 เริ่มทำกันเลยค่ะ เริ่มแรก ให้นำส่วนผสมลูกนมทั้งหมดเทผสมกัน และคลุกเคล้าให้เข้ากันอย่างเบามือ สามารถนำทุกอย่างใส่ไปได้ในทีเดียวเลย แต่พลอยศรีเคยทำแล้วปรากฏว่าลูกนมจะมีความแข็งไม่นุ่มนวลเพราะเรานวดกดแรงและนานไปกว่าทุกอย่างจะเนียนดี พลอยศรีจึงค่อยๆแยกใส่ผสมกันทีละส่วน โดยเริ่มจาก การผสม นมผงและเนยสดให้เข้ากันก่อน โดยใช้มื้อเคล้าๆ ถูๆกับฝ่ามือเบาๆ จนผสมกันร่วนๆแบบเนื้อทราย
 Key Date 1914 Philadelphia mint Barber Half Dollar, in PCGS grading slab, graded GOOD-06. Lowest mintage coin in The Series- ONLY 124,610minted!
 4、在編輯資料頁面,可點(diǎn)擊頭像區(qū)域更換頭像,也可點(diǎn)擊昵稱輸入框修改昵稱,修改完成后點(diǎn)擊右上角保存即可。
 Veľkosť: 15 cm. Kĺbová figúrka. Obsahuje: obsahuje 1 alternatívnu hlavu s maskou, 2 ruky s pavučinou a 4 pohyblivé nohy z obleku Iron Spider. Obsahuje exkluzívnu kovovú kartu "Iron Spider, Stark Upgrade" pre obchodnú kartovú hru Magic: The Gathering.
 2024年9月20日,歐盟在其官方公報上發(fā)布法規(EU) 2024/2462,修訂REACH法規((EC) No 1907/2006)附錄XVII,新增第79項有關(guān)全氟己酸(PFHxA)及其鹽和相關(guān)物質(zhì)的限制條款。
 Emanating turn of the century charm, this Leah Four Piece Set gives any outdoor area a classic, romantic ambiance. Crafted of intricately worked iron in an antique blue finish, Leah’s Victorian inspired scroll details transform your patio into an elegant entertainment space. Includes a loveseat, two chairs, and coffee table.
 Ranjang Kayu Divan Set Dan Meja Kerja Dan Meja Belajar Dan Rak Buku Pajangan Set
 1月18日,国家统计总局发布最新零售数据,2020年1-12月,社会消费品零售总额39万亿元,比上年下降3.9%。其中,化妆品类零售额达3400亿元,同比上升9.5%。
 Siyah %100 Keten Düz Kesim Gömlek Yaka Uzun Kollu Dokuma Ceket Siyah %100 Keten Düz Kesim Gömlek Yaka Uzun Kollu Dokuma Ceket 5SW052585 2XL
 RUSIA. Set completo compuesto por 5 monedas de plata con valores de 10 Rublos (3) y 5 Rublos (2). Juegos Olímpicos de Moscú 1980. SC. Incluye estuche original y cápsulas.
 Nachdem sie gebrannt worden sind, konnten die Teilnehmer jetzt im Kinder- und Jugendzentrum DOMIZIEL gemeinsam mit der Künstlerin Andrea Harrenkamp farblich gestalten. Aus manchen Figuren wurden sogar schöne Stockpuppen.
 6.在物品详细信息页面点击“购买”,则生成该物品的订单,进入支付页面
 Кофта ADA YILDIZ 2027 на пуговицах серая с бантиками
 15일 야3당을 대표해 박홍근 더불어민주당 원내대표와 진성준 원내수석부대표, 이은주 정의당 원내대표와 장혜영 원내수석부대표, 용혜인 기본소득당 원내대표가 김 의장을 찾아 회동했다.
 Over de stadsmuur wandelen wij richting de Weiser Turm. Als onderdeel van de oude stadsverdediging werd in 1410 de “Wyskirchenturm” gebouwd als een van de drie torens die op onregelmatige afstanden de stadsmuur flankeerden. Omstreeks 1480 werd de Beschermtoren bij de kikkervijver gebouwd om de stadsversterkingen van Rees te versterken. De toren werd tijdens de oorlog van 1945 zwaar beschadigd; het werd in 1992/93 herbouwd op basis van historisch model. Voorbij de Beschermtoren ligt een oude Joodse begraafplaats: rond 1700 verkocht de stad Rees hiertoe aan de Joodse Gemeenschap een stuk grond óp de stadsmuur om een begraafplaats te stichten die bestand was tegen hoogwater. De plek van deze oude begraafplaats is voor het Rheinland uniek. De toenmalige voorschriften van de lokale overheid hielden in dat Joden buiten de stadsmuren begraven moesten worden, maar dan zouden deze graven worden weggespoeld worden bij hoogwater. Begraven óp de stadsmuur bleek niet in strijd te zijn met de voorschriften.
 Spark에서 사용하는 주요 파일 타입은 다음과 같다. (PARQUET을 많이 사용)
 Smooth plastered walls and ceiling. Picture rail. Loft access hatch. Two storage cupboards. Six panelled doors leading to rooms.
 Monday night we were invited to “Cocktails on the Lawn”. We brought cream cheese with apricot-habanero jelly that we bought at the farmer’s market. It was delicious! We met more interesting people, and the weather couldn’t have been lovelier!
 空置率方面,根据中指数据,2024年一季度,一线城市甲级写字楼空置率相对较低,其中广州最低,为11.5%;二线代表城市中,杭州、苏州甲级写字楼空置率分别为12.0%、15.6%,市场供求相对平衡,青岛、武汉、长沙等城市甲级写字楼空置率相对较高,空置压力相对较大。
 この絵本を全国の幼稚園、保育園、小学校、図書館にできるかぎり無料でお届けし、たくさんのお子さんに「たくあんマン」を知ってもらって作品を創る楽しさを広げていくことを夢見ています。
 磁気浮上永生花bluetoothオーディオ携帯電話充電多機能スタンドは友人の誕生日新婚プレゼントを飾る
.....
◆ EXERCISE REQUIREMENTS: All of the entries above need to be printed again exactly.

◆ TASK RESULT:
 เริ่มทำกันเลยค่ะ เริ่มแรก ให้นำส่วนผสมลูกนมทั้งหมดเทผสมกัน และคลุกเคล้าให้เข้ากันอย่างเบามือ สามารถนำทุกอย่างใส่ไปได้ในทีเดียวเลย แต่พลอยศรีเคยทำแล้วปรากฏว่าลูกนมจะมีความแข็งไม่นุ่มนวลเพราะเรานวดกดแรงและนานไปกว่าทุกอย่างจะเนียนดี พลอยศรีจึงค่อยๆแยกใส่ผสมกันทีละส่วน โดยเริ่มจาก การผสม นมผงและเนยสดให้เข้ากันก่อน โดยใช้มื้อเคล้าๆ ถูๆกับฝ่ามือเบาๆ จนผสมกันร่วนๆแบบเนื้อทราย
 Key Date 1914 Philadelphia mint Barber Half Dollar, in PCGS grading slab, graded GOOD-06. Lowest mintage coin in The Series- ONLY 124,610minted!
 4、在編輯資料頁面,可點(diǎn)擊頭像區(qū)域更換頭像,也可點(diǎn)擊昵稱輸入框修改昵稱,修改完成后點(diǎn)擊右上角保存即可。
 Veľkosť: 15 cm. Kĺbová figúrka. Obsahuje: obsahuje 1 alternatívnu hlavu s maskou, 2 ruky s pavučinou a 4 pohyblivé nohy z obleku Iron Spider. Obsahuje exkluzívnu kovovú kartu "Iron Spider, Stark Upgrade" pre obchodnú kartovú hru Magic: The Gathering.
 2024年9月20日,歐盟在其官方公報上發(fā)布法規(EU) 2024/2462,修訂REACH法規((EC) No 1907/2006)附錄XVII,新增第79項有關(guān)全氟己酸(PFHxA)及其鹽和相關(guān)物質(zhì)的限制條款。
 Emanating turn of the century charm, this Leah Four Piece Set gives any outdoor area a classic, romantic ambiance. Crafted of intricately worked iron in an antique blue finish, Leah’s Victorian inspired scroll details transform your patio into an elegant entertainment space. Includes a loveseat, two chairs, and coffee table.
 Ranjang Kayu Divan Set Dan Meja Kerja Dan Meja Belajar Dan Rak Buku Pajangan Set
 1月18日,国家统计总局发布最新零售数据,2020年1-12月,社会消费品零售总额39万亿元,比上年下降3.9%。其中,化妆品类零售额达3400亿元,同比上升9.5%。
 Siyah %100 Keten Düz Kesim Gömlek Yaka Uzun Kollu Dokuma Ceket Siyah %100 Keten Düz Kesim Gömlek Yaka Uzun Kollu Dokuma Ceket 5SW052585 2XL
 RUSIA. Set completo compuesto por 5 monedas de plata con valores de 10 Rublos (3) y 5 Rublos (2). Juegos Olímpicos de Moscú 1980. SC. Incluye estuche original y cápsulas.
 Nachdem sie gebrannt worden sind, konnten die Teilnehmer jetzt im Kinder- und Jugendzentrum DOMIZIEL gemeinsam mit der Künstlerin Andrea Harrenkamp farblich gestalten. Aus manchen Figuren wurden sogar schöne Stockpuppen.
 6.在物品详细信息页面点击“购买”,则生成该物品的订单,进入支付页面
 Кофта ADA YILDIZ 2027 на пуговицах серая с бантиками
 15일 야3당을 대표해 박홍근 더불어민주당 원내대표와 진성준 원내수석부대표, 이은주 정의당 원내대표와 장혜영 원내수석부대표, 용혜인 기본소득당 원내대표가 김 의장을 찾아 회동했다.
 Over de stadsmuur wandelen wij richting de Weiser Turm. Als onderdeel van de oude stadsverdediging werd in 1410 de “Wyskirchenturm” gebouwd als een van de drie torens die op onregelmatige afstanden de stadsmuur flankeerden. Omstreeks 1480 werd de Beschermtoren bij de kikkervijver gebouwd om de stadsversterkingen van Rees te versterken. De toren werd tijdens de oorlog van 1945 zwaar beschadigd; het werd in 1992/93 herbouwd op basis van historisch model. Voorbij de Beschermtoren ligt een oude Joodse begraafplaats: rond 1700 verkocht de stad Rees hiertoe aan de Joodse Gemeenschap een stuk grond óp de stadsmuur om een begraafplaats te stichten die bestand was tegen hoogwater. De plek van deze oude begraafplaats is voor het Rheinland uniek. De toenmalige voorschriften van de lokale overheid hielden in dat Joden buiten de stadsmuren begraven moesten worden, maar dan zouden deze graven worden weggespoeld worden bij hoogwater. Begraven óp de stadsmuur bleek niet in strijd te zijn met de voorschriften.
 Spark에서 사용하는 주요 파일 타입은 다음과 같다. (PARQUET을 많이 사용)
 Smooth plastered walls and ceiling. Picture rail. Loft access hatch. Two storage cupboards. Six panelled doors leading to rooms.
 Monday night we were invited to “Cocktails on the Lawn”. We brought cream cheese with apricot-habanero jelly that we bought at the farmer’s market. It was delicious! We met more interesting people, and the weather couldn’t have been lovelier!
 空置率方面,根据中指数据,2024年一季度,一线城市甲级写字楼空置率相对较低,其中广州最低,为11.5%;二线代表城市中,杭州、苏州甲级写字楼空置率分别为12.0%、15.6%,市场供求相对平衡,青岛、武汉、长沙等城市甲级写字楼空置率相对较高,空置压力相对较大。
 この絵本を全国の幼稚園、保育園、小学校、図書館にできるかぎり無料でお届けし、たくさんのお子さんに「たくあんマン」を知ってもらって作品を創る楽しさを広げていくことを夢見ています。
 磁気浮上永生花bluetoothオーディオ携帯電話充電多機能スタンドは友人の誕生日新婚プレゼントを飾る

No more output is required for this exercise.